How to monitor the health of a Satellite 6 system
Environment
- Red Hat Satellite 6.2 and below.
- Note: for Satellite 6.3 and above, use the
foreman-maintain health checkcommand.
- Note: for Satellite 6.3 and above, use the
Issue
- How to check the health of Satellite 6.2 and below?
- What are the services and processes that are required to monitor on a Red Hat Satellite Server 6.1?
Resolution
There are a number of services that need to be monitored on a Satellite 6.2 or Satellite Capsule system (not all of the services may be running on a Satellite Capsule):
mongod.service
qpidd.service
qdrouterd.service
tomcat.service
elasticsearch (only applicable for satellite-6.1 and its minor release)
foreman-proxy.service
pulp_celerybeat.service
pulp_resource_manager.service
pulp_workers.service
httpd.service
foreman-tasks.service
puppet.service
goferd.service (in case of external Capsule or Sat registered to itself)
Health Check via script
# cd /tmp/
# git clone https://github.com/boogiespook/sat6_healthCheck.git
# cd /tmp/sat6_healthCheck
# ./sat6_healthCheck.sh
The Output should look like the following, below is a snippet that shows the uptime, details and cpu's.
#######################################
Satellite 6 Health Check Report
#######################################
+ System Details:
- Hostname : satellite.example.com
- IP Address : xx.xx.xx.xx/26
- Kernel Version : 2.6.32-573.3.1.el6.x86_64
- Uptime : 46 min
- Last Reboot Time : 2015-11-06 03:24
- Red Hat Release : Red Hat Enterprise Linux Server release 6.7 (Santiago)
+ CPU: %usr
---------
- CPU0 :
- CPU1 :
- CPU2 :
- CPU3 :
- CPU4 :
- CPU5 :
- CPU6 :
- CPU7 :
Health Check via manual process
Verify Network Connectivity
Check FQDN, Domain and Shortname connections.
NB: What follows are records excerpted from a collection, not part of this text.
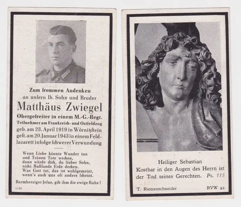 91660 Sterbebild WK2 MG-Regiment gefallen 1943 Feldlazarett infolge Verwundung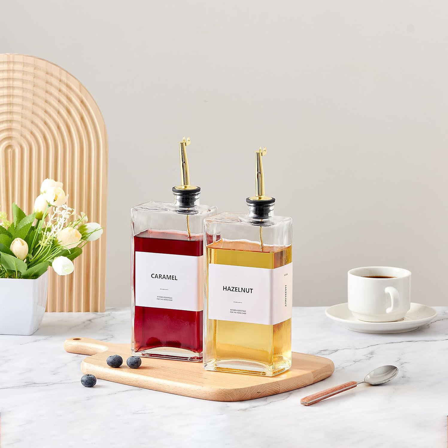 アマゾンガラス瓶12オンス晶白料350ml調味料汁油と酢分配器オリーブ油瓶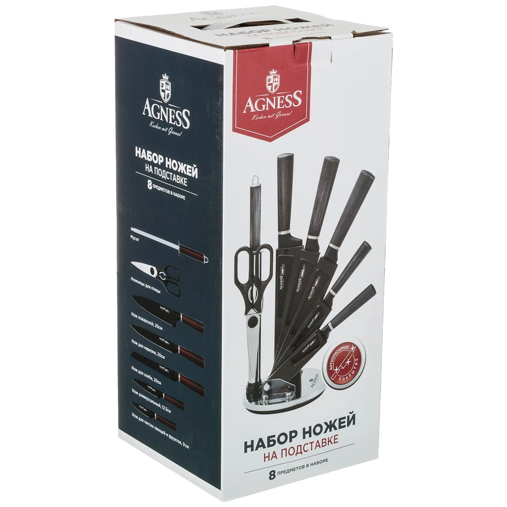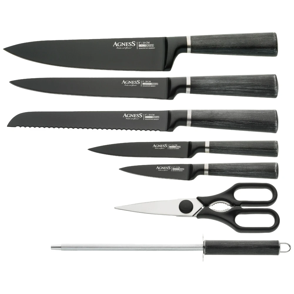 Отзывы о Agness Knife Set with Scissors and Musat on Plastic Stand 8 Pieces Kitchen supplies Sets Knives Accessories Dining Bar Home Garden utensils of |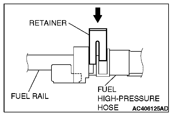 2. Install the fuel high-pressure hose to the fuel rail securely and push the lock of fuel high-pressure hose downward and lock thoroughly.

As part of the This content is not included.installation requirements on part 1.4 we need to check also if the satellite server has
full forward and reverse dns resolution.
# for i in " $(hostname -f)" " $(hostname -d)" " $(hostname -s)";do ping -c1 $i;done
PING yourSatellite.example.com (192.168.xxx.xxx)56(84) bytes of data.
64 bytes from yourSatellite.example.com (192.168.xxx.xxx): icmp_seq=1 ttl=64 time=0.033 ms
--- yourSatellite.example.com ping statistics ---
1 packets transmitted, 1 received, 0% packet loss, time 0ms
rtt min/avg/max/mdev = 0.033/0.033/0.033/0.000 ms
PING example.com ( (192.168.xxx.xxx) 56(84) bytes of data.
64 bytes from 192.168.xxx.xxx: icmp_seq=1 ttl=50 time=179 ms
--- example.com ping statistics ---
1 packets transmitted, 1 received, 0% packet loss, time 180ms
rtt min/avg/max/mdev = 179.673/179.673/179.673/0.000 ms
PING yourSatellite.example.com (192.168.xxx.xxx) 56(84) bytes of data.
64 bytes from yourSatellite.example.com (192.168.xxx.xxx): icmp_seq=1 ttl=64 time=0.016 ms
--- yourSatellite.example.com ping statistics ---
1 packets transmitted, 1 received, 0% packet loss, time 0ms
rtt min/avg/max/mdev = 0.016/0.016/0.016/0.000 ms
- To check for reverse resolution.
host $(hostname -f)
Check connection to CDN Network
# ping cdn.redhat.com
# traceroute cdn.redhat.com
If ping is blocked, we use http to check the connection.
# curl -Sv cdn.redhat.com
--------------- able to connect to cdn ------------------
* About to connect() to cdn.redhat.com port 80 (#0)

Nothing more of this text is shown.